A comedy about long-term NHS patients on a hospital ward may not sound like the best premise for fun – but on the contrary. Only When I Laugh has become one of the best-remembered television series of all time. The Yorkshire TV series ran from 1979 to 1982 and featured misbehaving patients Norman Binns, Roy Figgis and Archie Glover, who managed to create continual comic mayhem with their antics.
A well-known face on our screens in the ’70s thanks to his role in Raffles as the gentleman thief’s sidekick, Christopher Strauli played the rather naïve middle class Binns.
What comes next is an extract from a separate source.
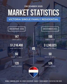 January 2, 2026 A total of 367 properties sold in the Victoria Real Estate Board region this December, 12.8 per cent fewer than the 421 properties sold in December 2024 and 18.6 per cent fewer than in November 2025. Sales of condominiums were down 21.5 per cent from December 2024 with 106 units sold. Sales of single family homes decreased by 2.6 per cent from December 2024 with 186 sold.There were 6,918 sales over the course of 2025, a 0.36 per cent increase from the 6,893 sales in 2024."2025 was another consistent year for local real estate," said 2026 Victoria Real Estate Board Chair Fergus Kyne. "Despite global economic uncertainty, property sales in the Victoria market were steady and pricing remained relatively balanced. One of the most significant factors in 2025 was the amount of available inventory. We saw the second highest number on record of new listings enter the market. The ample inventory was good news for sellers and for the stability of our market. Buyers had more choice and time to make decisions, while sellers benefitted from clearer expectations around pricing and timelines."There were 2,544 active listings for sale on the Victoria Real Estate Board Multiple Listing Service® at the end of December 2025, a decrease of 19.3 per cent compared to the previous month of November but an 11.1 per cent increase from the 2,290 active listings for sale at the end of December 2024.The Multiple Listing Service® Home Price Index benchmark value for a single family home in the Victoria Core in December 2024 was $1,316,700. The benchmark value for the same home in December 2025 decreased by 4.7 per cent to $1,255,000, down 1.7 per cent from November's value of $1,276,700. The MLS® HPI benchmark value for a condominium in the Victoria Core area in December 2024 was $546,100 while the benchmark value for the same condominium in December 2025 increased by 0.7 per cent to $549,900, a decrease of 0.6 per cent from the November value of $533,100.Original source:

Starring alongside former Likely Lad James Bolam as working-class lorry driver and all-round troublemaker, Figgis, the trio was completed by upper-class hypochondriac Glover, played by Peter Bowles – he was already a major star thanks to appearing in the sitcom, To the Manor Born.
The other regular characters included the long-suffering Dr Gordon Thorpe played by Richard Wilson, who went on to star in One Foot in the Grave. Staff Nurse Gupte was played by Derrick Branche, the Mumbai-born actor who later starred in the award-winning 1985 film, My Beautiful Laundrette.
Bolan, Bowles, Strauli and Wilson appeared in all 29 episodes, while Branche appeared in 22. A multitude of other popular actors from the era made guest appearances, including British actor Neil McCarthy -whose previous credits included the classic 1964 film Zulu – and famous comedian, actor and scriptwriter John Junkin.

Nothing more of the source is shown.